Sorpresa a Marco, spariti i profughi
Che l'Italia non fosse la loro destinazione finale, lo si era capito subito. Che avessero così tanta fretta di levare le tende per cercare soluzioni ritenute migliori, nessuno se lo aspettava. Fatto sta che dei 40 profughi africani giunti in Trentino nei giorni scorsi al Centro di Marco che li ha ospitati, ne sono rimasti pochi. Anzi, a quanto pare, uno solo. D'altra parte, l'ex polveriera di Marco non è una prigione, bensì un centro di prima accoglienza, e trovare una via di uscita dalla struttura non è difficile
I quaranta profughi accolti al Centro di Marco devono aver realizzato in fretta di non essere prigionieri: anche se sui numeri non c'è ufficialità, per le forze dell'ordine una decina di persone ieri si sarebbe allontanata a piedi dalla struttura. Ma ieri notte, l'interno dell'ex polveriera appariva silenziosa, come se tavolate e dormitori fossero deserti e addirittura tutti e quaranta i rifugiati se ne fossero andati. Dai movimenti interni si notava la presenza di un solo immigrato.
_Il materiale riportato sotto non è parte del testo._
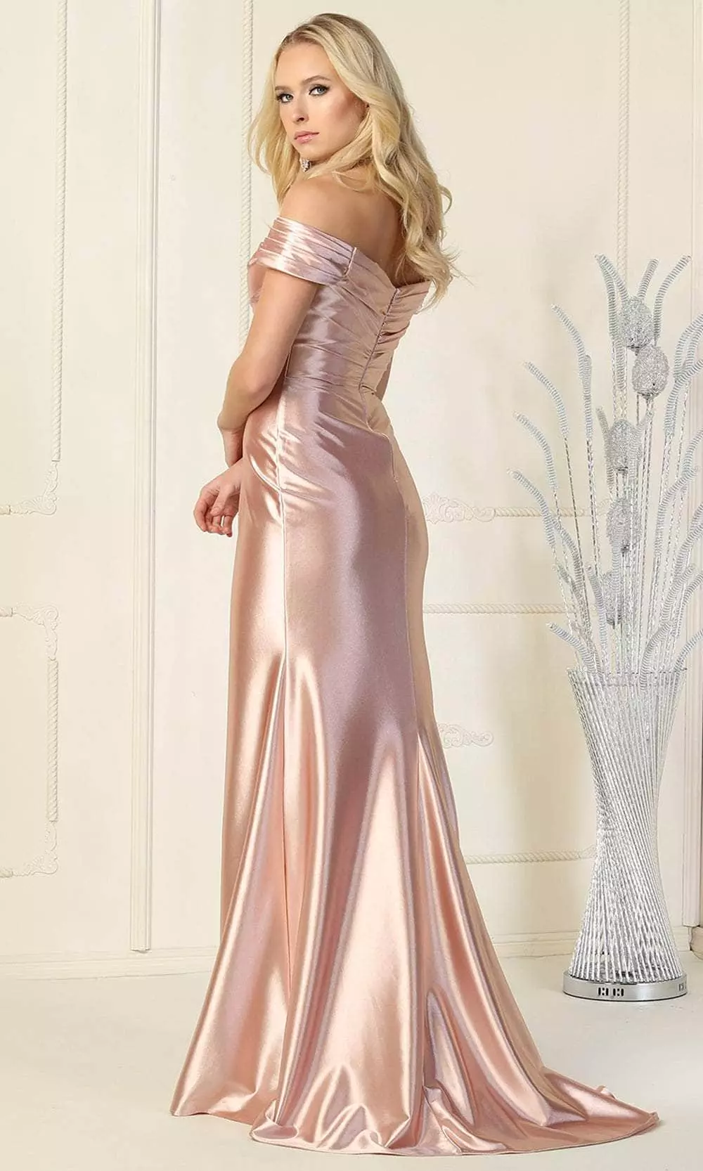 Be the very epitome of timeless elegance as you radiate beauty in this May Queen MQ1892 gown. Astonishingly crafted in luxurious satin, this exquisite piece flourishes an off-shoulder cowl neckline and a low-cut style ruched back with a center zipper. The bodice has fine ruching tailored in princess seam while the sheath skirt flawlessly flows towards the floor in a sweep of train. Get a timeless and trendy look in this creation by May Queen. Wherever you go, whatever you wear, leave a long-lasting impression on the gathering with May Queen’s collection of dresses for bridal, bridesmaid, prom, homecoming, cocktail, formal, semi-formal, and many more themes. Models are wearing Blush, and Gold colors.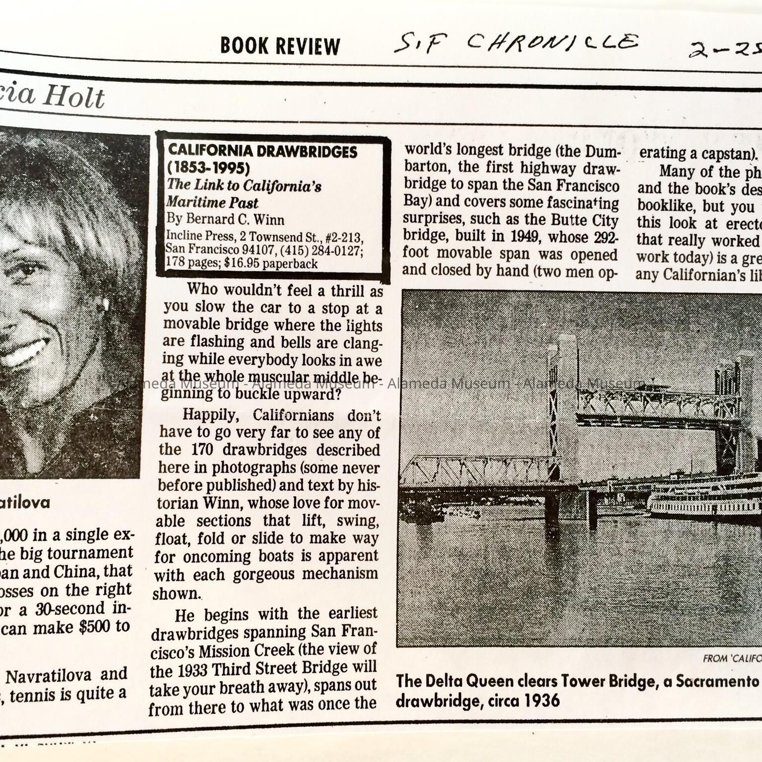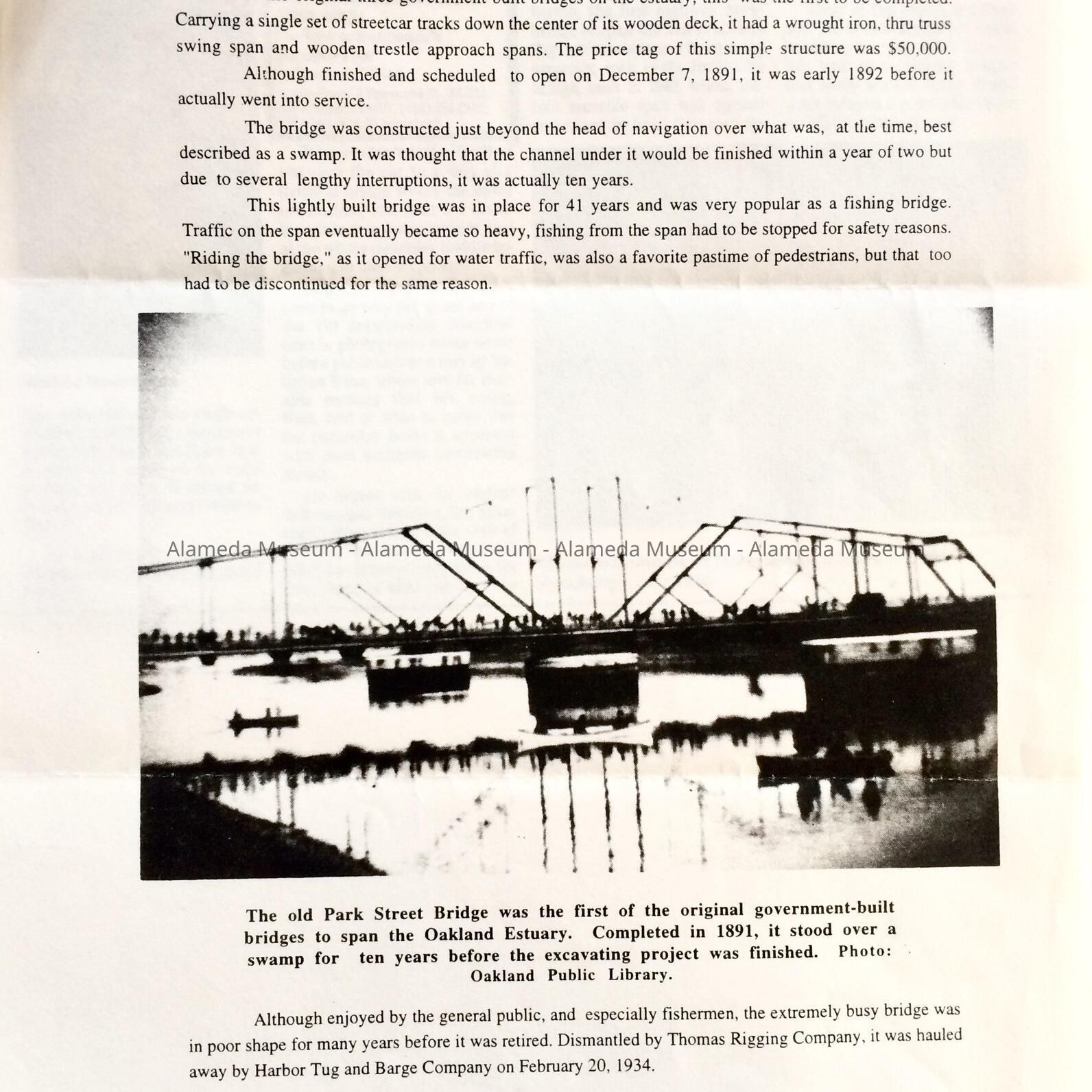 History of Object: Copy of pages relating to Alameda from the book 'California Drawbridges (1853-1995), The Link to California's Maritime Past', by Bernard C. Winn, Incline Press, San Francisco, and a book review of the same by Patricia Holt, from the S.F. Chronicle of 2-25-1996. Discusses the Park Street Bridge, Bridge, which carried a single set of streetcar tracks on a wooden deck, had a wrought iron, thru truss wing span and wooden trestle approach spans, was completed in 1891, and dismantled in 1934.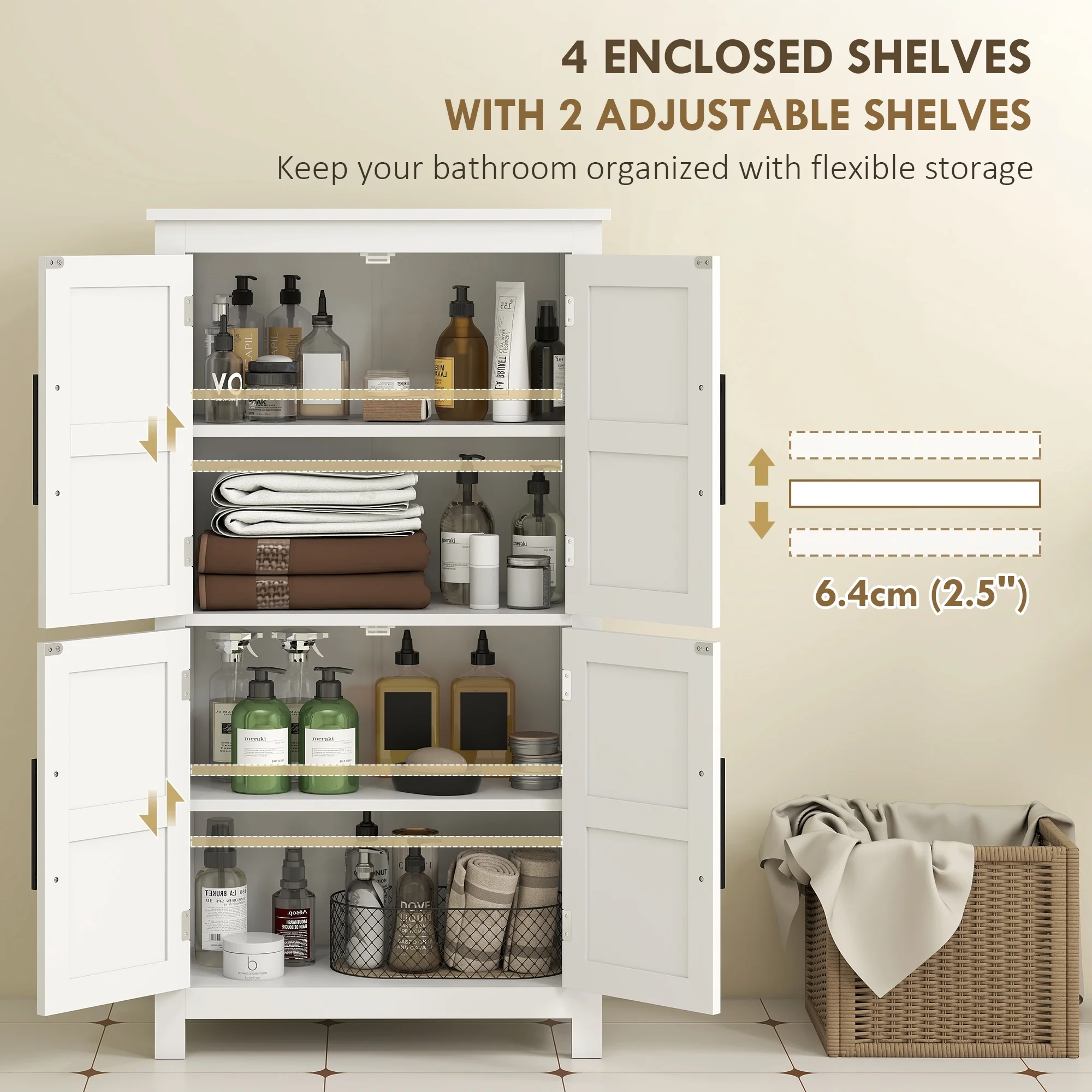 - Three-level adjustable shelf accommodates various item sizes

L'ex polveriera di Marco non è una prigione, bensì un centro di prima accoglienza. Trovare una via di uscita dalla struttura è tutto tranne che difficile: non ci sono muri alti e invalicabili, ma solo dei recinti e tutto attorno boschi e rocce, dove è facile far perdere le proprie tracce.
Ieri nel tardo pomeriggio, durante un controllo di routine, la Polizia stradale ha incrociato un giovane di pelle scura che camminava lungo la strada. Quando gli sono stati chiesti i documenti, il ragazzo ovviamente non aveva nulla da mostrare, essendo sbarcato a Lampedusa pochi giorni fa. Gli agenti lo hanno riaccompagnato alla struttura di Marco. Solo uno però è stato trovato, degli altri usciti dal Centro non si sa ancora nulla, ma è molto probabile che tutti siano già in viaggio verso la loro vera meta, il Nord Europa.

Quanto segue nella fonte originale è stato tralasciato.